And the other one where they would say Larry’s well, they should have thought about that before they did the crime.
Well, you should have thought about that before you smoked or ingested all that smoke into your lungs.
Without a doubt, without a doubt, without a doubt without a doubt. Um, so where does this case go from here? Is this just done? We need to follow Scalia saying we need to make a law which we talked about the law, if we made a law, then the states would fight back and one state would write laws one way and another state would write laws another way, Cory Booker can make New Jersey do what he wants to do?
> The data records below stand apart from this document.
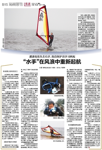 海口西海岸拥有回岸风,自然条件优越,非常适合帆板运动,这里也是国家帆板训练基地。除了游客,许多帆板爱好者慕名而来。在这些爱好者中,54岁的天津人阎浩有着不小的名气。他和大家不一样,他是一名失去右手的残疾人。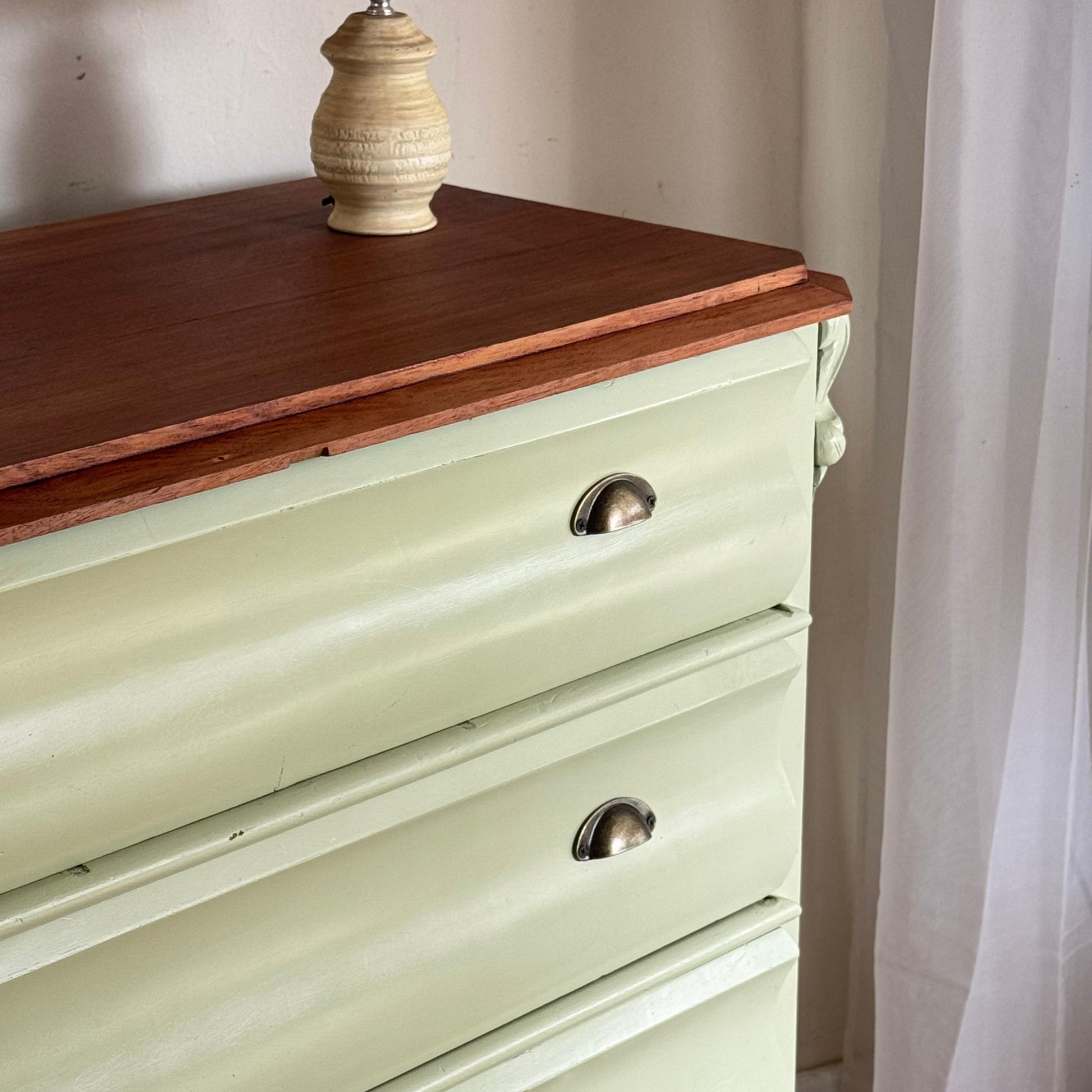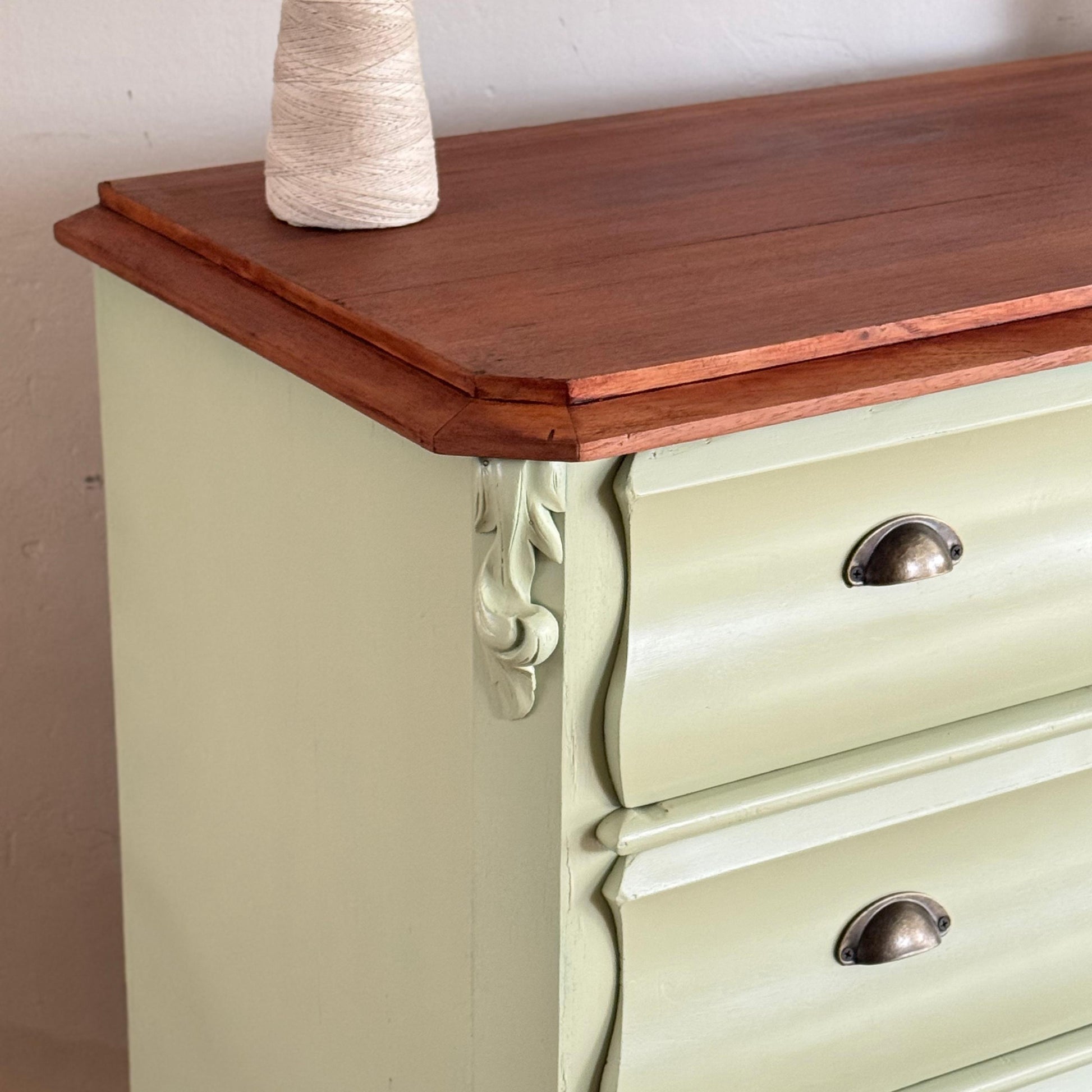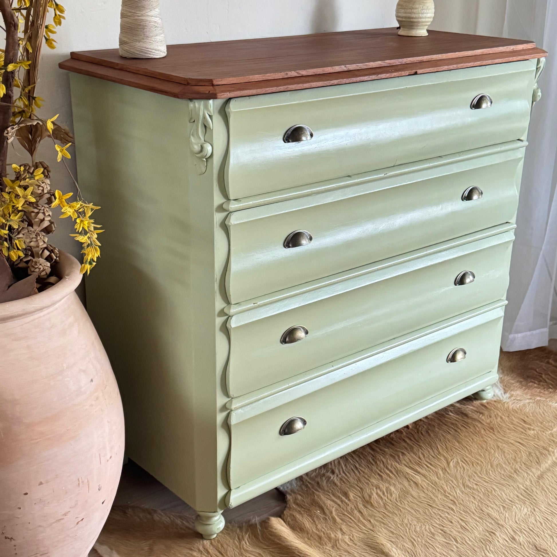 Hermosa cómoda victoriana en madera de cedro, cuatro cajones amplios. De muy buena capacidad, pintada de Green Lily. Excelente estado, muy buenas dimensiones.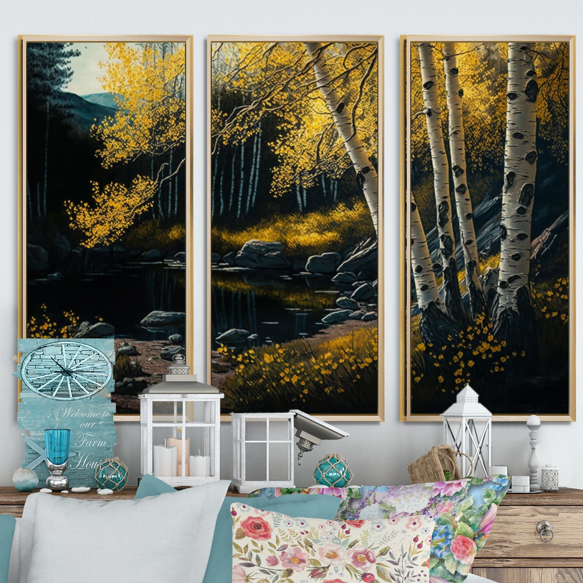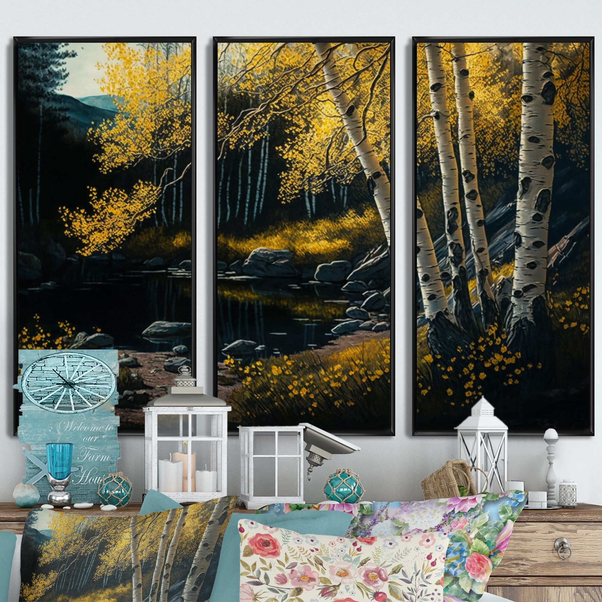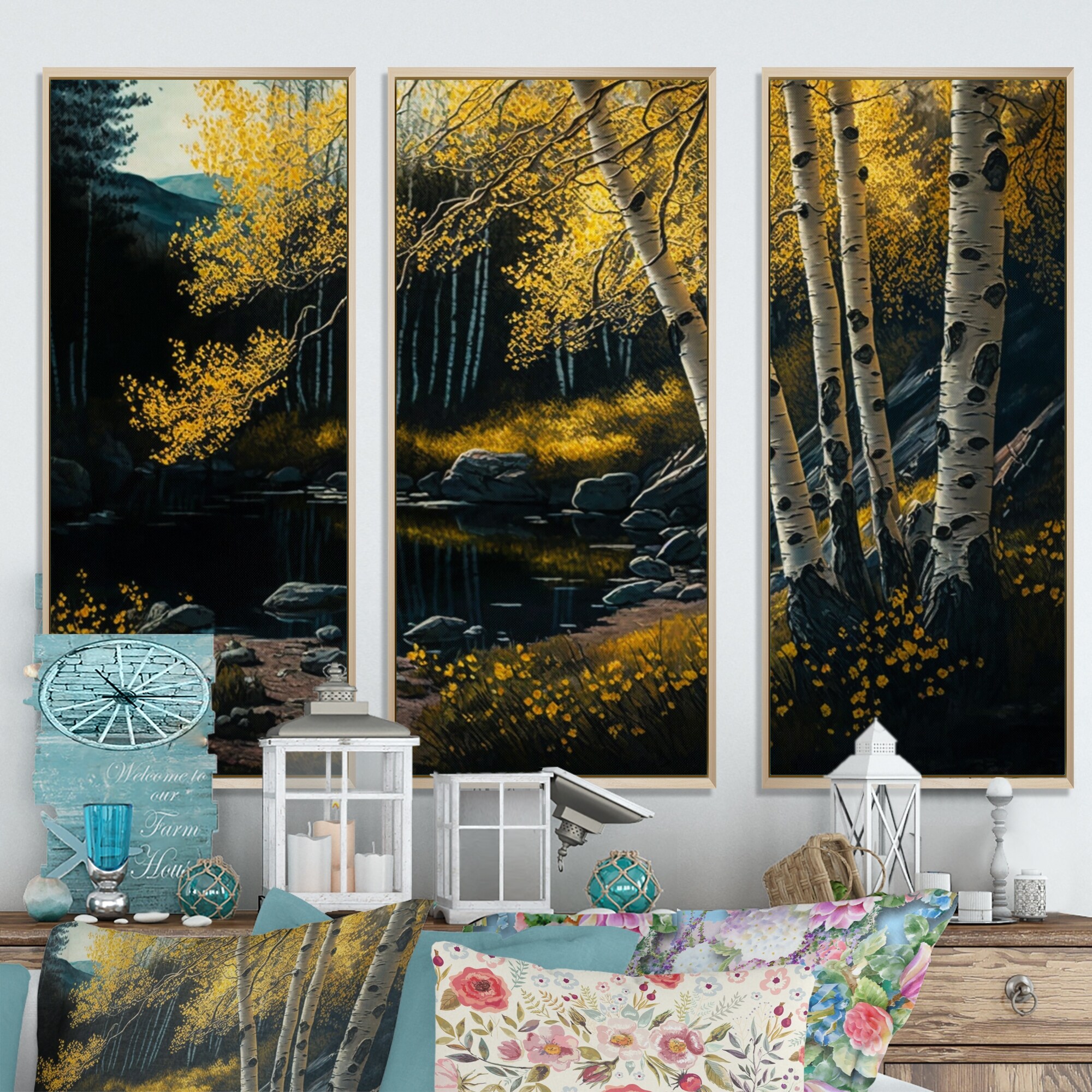 Designart "Yellow Birches By the Riverside I" Landscape Forest Framed Canvas Wall Art Print - 3 Panels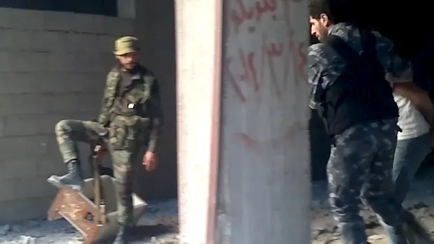وقالت الصحيفة إن اللقطات كنت غير واضحة في البداية ، قبل أن تقترب من حفرة محفورة حديثًا في الأرض بين قذائف مبنيين مثقوبة بالرصاص. جثا ضابط مخابرات يعرفه على ركبتيه بالقرب من حافة الحفرة مرتديا زيا عسكريا وقبعة صيد ، وهو يلوح ببندقية هجومية ويصدر أوامر بالنباح.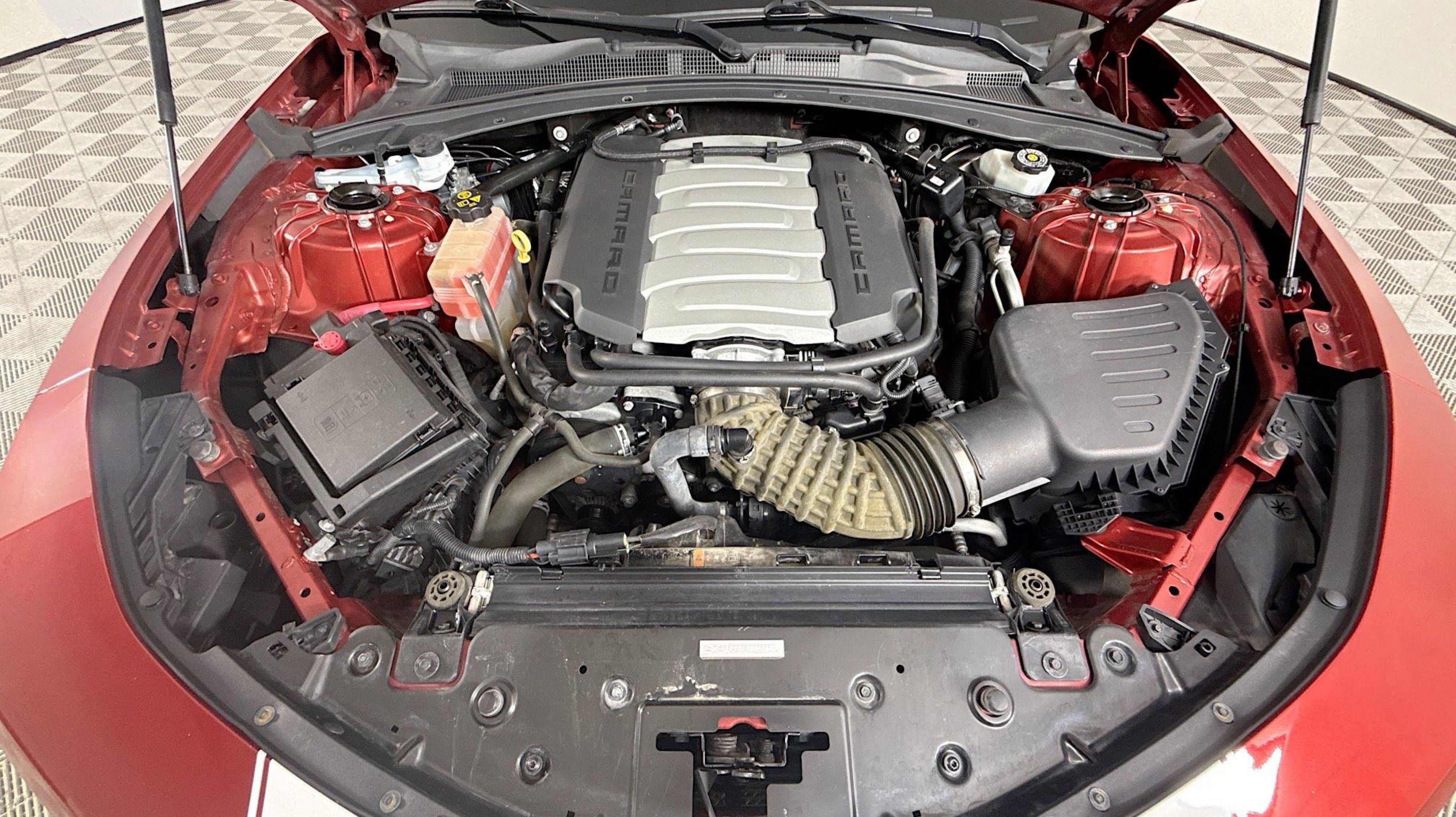Garnet Red Tintcoat 2016 Chevrolet Camaro SS 2SS RWD 8-Speed Automatic 6.2L V8 Auto-Dimming Inside Rearview Frameless Mirror, Body-Color Outside Heated Power-Adjustable Mirrors, Bose Premium 9-Speaker Audio System Feature, Dual-Zone Automatic Climate Control, Head-Up Display, Heated Driver & Front Passenger Seats, Heated Steering Wheel, Illuminated Sill Plates, Interior Spectrum Lighting, Memory Package, Preferred Equipment Group 2SS, Rear Cross-Traffic Alert, Rear Park Assist, Side Blind Zone Alert w/Lane Change Alert, Universal Home Remote, Ventilated Driver & Front Passenger Seats, Wireless Charging For Devices, 2.77 Rear Axle Ratio, 4-Wheel Disc Brakes, 9 Speakers, ABS brakes, Air Conditioning, Alloy wheels, AM/FM radio: SiriusXM, Apple CarPlay, Auto-dimming door mirrors, Auto-dimming Rear-View mirror, Automatic temperature control, Brake assist, Bumpers: body-color, Compass, Delay-off headlights, Driver door bin, Driver vanity mirror, Dual front impact airbags, Dual front side impact airbags, Dual Mode Performance Exhaust, Electronic Stability Control, Emergency communication system, Exterior Parking Camera Rear, Four wheel independent suspension, Front anti-roll bar, Front Bucket Seats, Front Center Armrest, Front dual zone A/C, Front fog lights, Front License Plate Bracket, Front reading lights, Front Sport Bucket Seats, Fully automatic headlights, Garage door transmitter, Heads-Up Display, Heated door mirrors, Heated front seats, Heated steering wheel, High-Intensity Discharge Headlights, Illuminated entry, Knee airbag, Leather Shift Knob, Leather-Trimmed Seat Trim, Low tire pressure warning, Magnetic Ride Control, Memory seat, Occupant sensing airbag, Outside temperature display, Overhead airbag, Paddle-Shift Manual Controls, Panic alarm, Passenger door bin, Passenger vanity mirror, Power door mirrors, Power driver seat, Power passenger seat, Power steering, Power windows, Premium audio system: Chevrolet MyLink, Radio data system, Radio: Chevrolet MyLink Audio System, Radio: Chevrolet MyLink w/Navigation, Rear anti-roll bar, Rear Parking Sensors, Rear window defroster, Remote keyless entry, Remote Vehicle Starter System, Security system, SiriusXM Satellite Radio, Speed control, Speed-sensing steering, Spoiler, Steering wheel mounted audio controls, Tachometer, Telescoping steering wheel, Tilt steering wheel, Traction control, Trip computer, Variably intermittent wipers, Ventilated front seats, Voltmeter, Wheels: 20 x 8.5 Fr & 20 x 9.5 Rr 5-Spoke Alum, Wheels: 20 x 8.5 Fr & 20 x 9.5 Rr Gray-Painted, Auto-Dimming Inside Rearview Frameless Mirror, Body-Color Outside Heated Power-Adjustable Mirrors, Bose Premium 9-Speaker Audio System Feature, Dual-Zone Automatic Climate Control, Head-Up Display, Heated Driver & Front Passenger Seats, Heated Steering Wheel, Illuminated Sill Plates, Interior Spectrum Lighting, Memory Package, Preferred Equipment Group 2SS, Rear Cross-Traffic Alert, Rear Park Assist, Side Blind Zone Alert w/Lane Change Alert, Universal Home Remote, Ventilated Driver & Front Passenger Seats, Wireless Charging For Devices.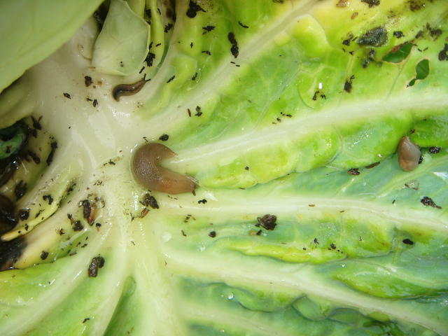 ナメクジ類 黒い糞で汚れる

Well, if we make a federal law, I suspect that most of these cases will be filed in federal court vice versa, the states like, like Colorado, I bet the civil litigation practice has moved all to Colorado courts now. But yeah, it’s one of those things where it depending on what side of the spectrum you’re on, you’re going to have to get your conservative people, you’re going to have to get them to be more receptive to these arguments, because we need 10 senators, and right now they don’t exist.
Right. Right. Right. Right. And then I guess the one other question is, how does this relate to us very
well, it relates to us in terms of litigation when someone has what they believe to be a constitutional violation, since the registry has not been around but roughly in modern registry, 25 years or so. Everything that you’re gonna allege as a constitutional violation, you’re going to have to be burdened with this qualified immunity, the first motion that they’re going to make is to dismiss because of qualified immunity. So, if the officer does something this against your rights, like, for example, in Cobb County, Georgia, where they’re making up their own rules outside the statute. Andy: Sure. Larry: If they do something that violates your constitutional rights, this makes it difficult for you to find representation because 1983 claims are usually litigated with the attorney getting paid as prevailing party. The person doesn’t generally pay for litigation in 1983. Well, you’re going to end up with virtually no litigation until something is done about qualified immunity. You can’t win these cases because it has to be clearly established. And you’ve got you got the burden of showing it now, like on the constitutional right, that you have to weigh probable cause hearing. We’ve talked about interstate that’s been well established since 1972. and 73, there was two Supreme Court rulings that established enshrined that right as a constitutional right. Well, if someone if you’re on Interstate supervision, and someone deprives you of that right to a probable cause hearing. And they deprive it of you that right at a great peril because that is an established right, and you can cite to those two cases. It’s been established for 50 plus years.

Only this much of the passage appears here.